Se noi incrociamo le braccia di fronte ad una procedura di mobilità, i farmaci sono comunque venduti e l’azienda va avanti, se incrociano le braccia, gli operai si ferma la produzione. A chi da fastidio? A nessuno, non per loro non siamo un problema, come altre categorie” (int. n. 9 ISF M. 44 anni Emilia Romagna)

R: i sindacati non ci hanno mai visto di buon occhio, perché eravamo sparsi per tutta italia e lo siamo ancora, non potevano fare un’assemblea come fanno per altre categorie di lavoratori, non sono stati capaci di rappresentarci.

D: questa secondo te è la ragione per cui voi siete poco sindacalizzati? R: io, personalmente sono sempre stato iscritto alla cgil, sono da sempre sindacalizzato, ma in generale c’è una scarsa sindacalizzazione per noi, perché secondo me si è scarsamente uniti e un po perché ognuno lavora da solo, il nostro è un lavoro in completa autonomia, questo ci porta ad una certa dose di individualismo, e un po’ perché i sindacati ci hanno sempre snobbato, ci hanno sempre visto come dei privilegiati. Io ho fatto anche il rappresentante sindacale RSU, e vedevo che da parte del sindacato la visione che avevano era questa, noi siamo all’interno del contratto dei chimici ma c’è un capitolo a parte per noi, per cui chiaramente noi non lavoriamo in azienda e questo chiaramente alle Rsu che fino a poco tempo fa era praticamente formata solo da interni, anche se noi eravamo il gruppo più numeroso. I sindacati si sono iniziati ad interessare a noi quando ci sono stati tutti i casi di passaggi, di transizioni, perché su ogni transizione ovviamente anche loro prendevano la loro parte. Il sindacato ha avvallato queste false cessioni di ramo d’azienda, anche nel mio caso, quando noi abbiamo chiesto, perchè le avete firmate? ha detto ai lavoratori che hanno firmato perché altrimenti sareste stati tutti in mezzo alla strada. Certo, ma

non è detto, perché altre strade non sono proprio state considerate. (int. n. 22 ISF m. 46 anni Emilia Romagna)

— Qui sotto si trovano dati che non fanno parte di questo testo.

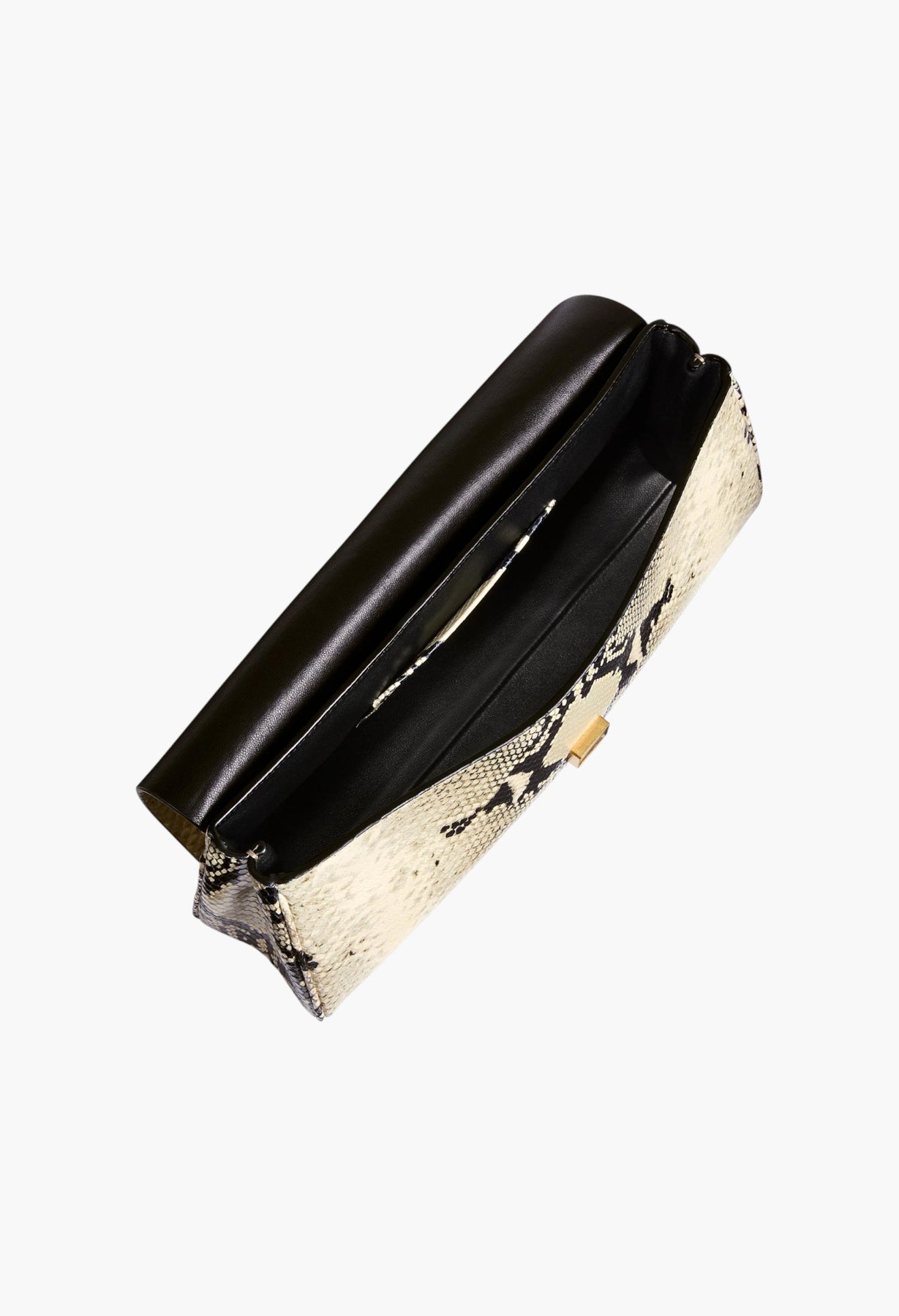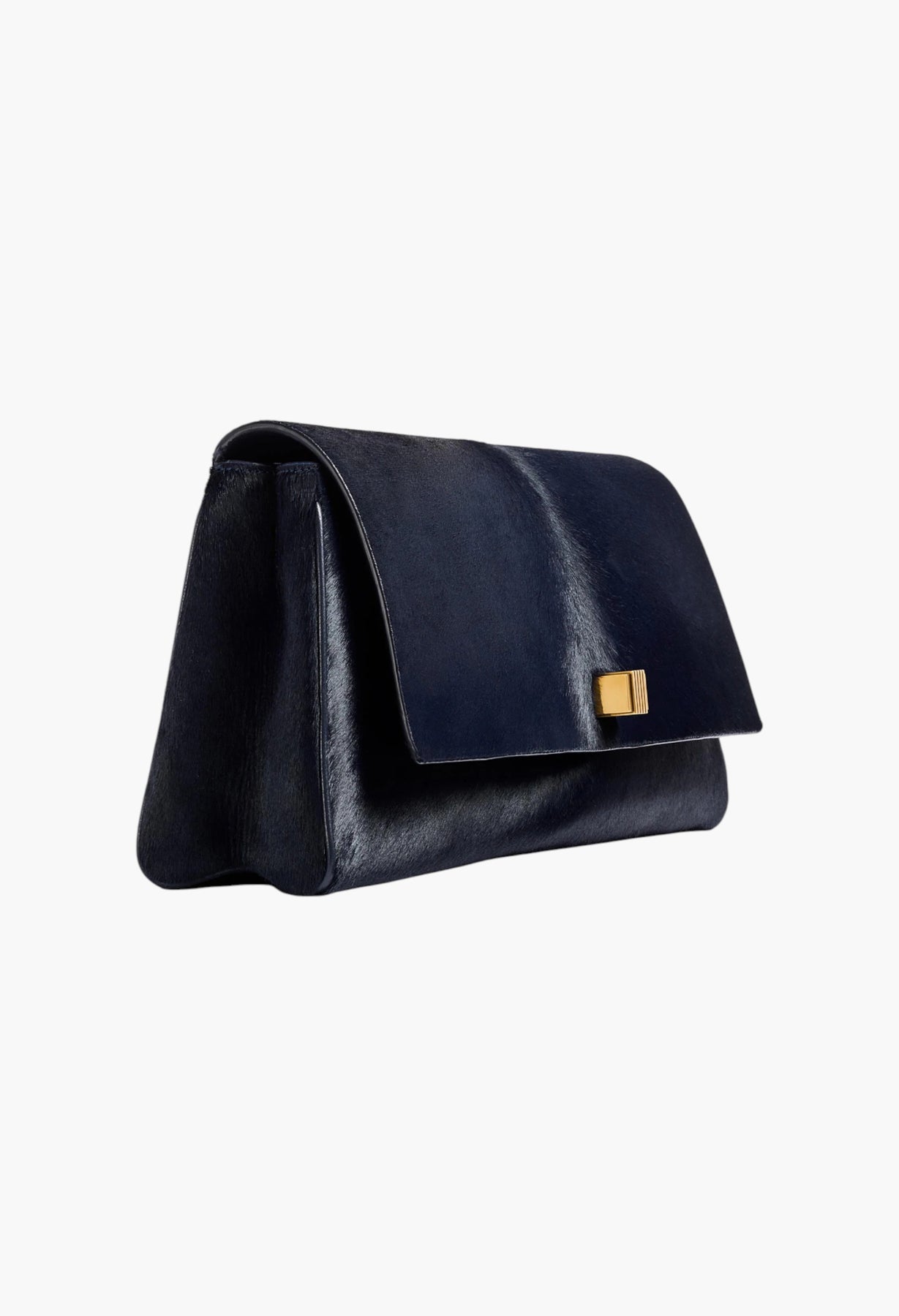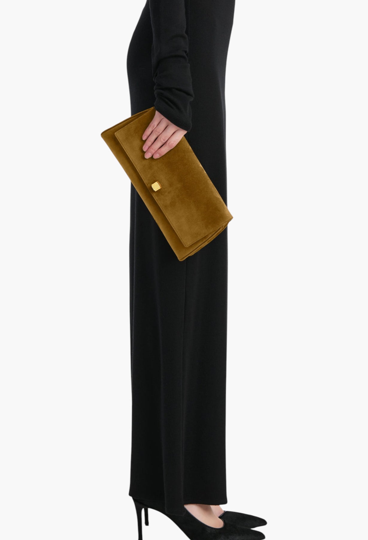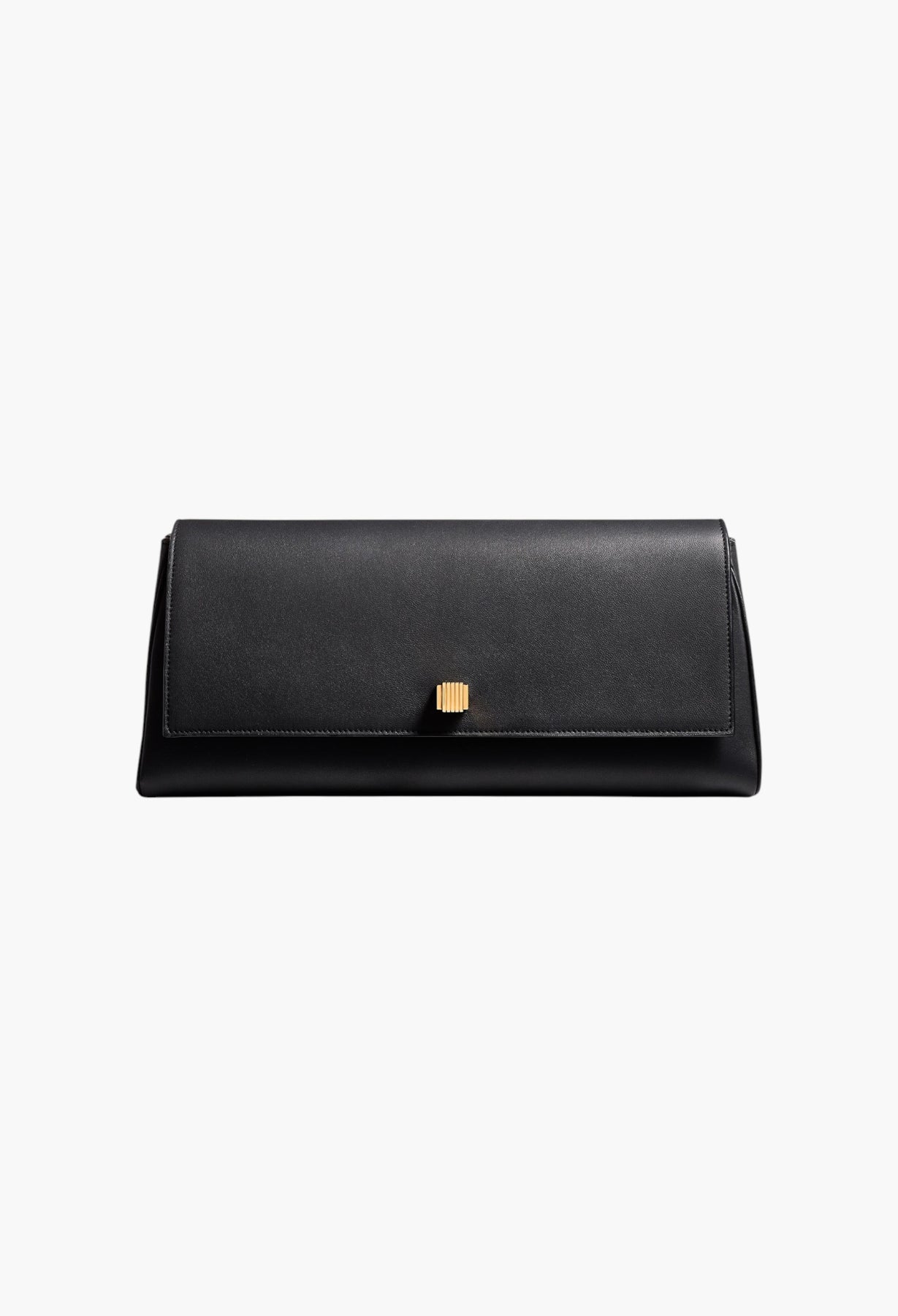 حقيبة كلاتش بغطاء أمامي، بخطوط أنيقة ومنحنيات ناعمة، مصنوعة من جلد العجل الغني بالملمس. مزودة بقفل مغناطيسي مستوحى من فن الآرت ديكو. جيب داخلي للبطاقات.

Alcuni, anche se solo una piccola parte del nostro campione empirico nelle interviste ha dichiarato che tutte le ragioni di una mancata sindacalizzazione sono da attribuirsi al sindacato, incapace di rappresentare gli informatori, di fare forza all’interno delle aziende con la presenza delle RSU. Queste situazioni sono state così descritte:

“non c’è nessuna legge dello stato che identifica il nostro lavoro quindi non essendoci un riconoscimento giuridico del mio lavoro il sindacato fa fatica a rappresentarci e non ha mai fatto nulla per tutelare i nostri diritti per far rispettare le regole, facciamo cosa al limite della legalità ma che fai denunci e perdi il lavoro? Se non c’è un sindacato che salvaguarda il nostro lavoro, è da folli farlo da soli senza le spalle coperte.” (int. 29 ISF m. 46 anni Campania)

“siamo una delle categorie meno sindacalizzate in assoluto ma c’è da dire che non abbiamo mai avuto una motivazione forte a legarci ad una classe sindacale, una coscienza collettiva, però mi permetto di dire che anche quando c’è stato il procedimento di mobilità hanno fatto due riunioni, presero 1200 tessere e poi non fecero nulla per noi, qualcosa fu fatto due anni dopo, forse perché la nostra esperienza è servita a loro per costituire una rappresentanza sindacale interna, per quelli che sono venuti dopo. I sindacalisti più di tanto non hanno mai destato un grande interesse, se noi incrociamo le braccia non facciamo mica come quelli della Fiat” (int. n. 10 ISF m. 45 anni Emilia Romagna)

“noi siamo allo sbando, a livello di confederali siamo pochi iscritti, io sono iscritto ma abbiamo perso forza, il danno è che se non ci sono delle rsu forti in azienda questo non può fare altro che peggiorare le condizioni dei rapporti tra noi e il sindacato”( int.n. 17 ISF m. 55 anni Emilia Romagna) Gli informatori sono privi di una coscienza sindacale, potremmo dire di una coscienza collettiva ma in sintesi le ragioni di questa crisi nei rapporti tra lavoratori e sindacato potrebbero essere descritte da un lato come la naturale conseguenza di una condizione d’individualismo che abbiamo descritto come istituzionale e non solo lavorativo, dall’altro è attribuibile anche a un’incapacità del sindacato di intercettare nuove categorie lavorative e di ripensare ad inedite forme di rappresentanza.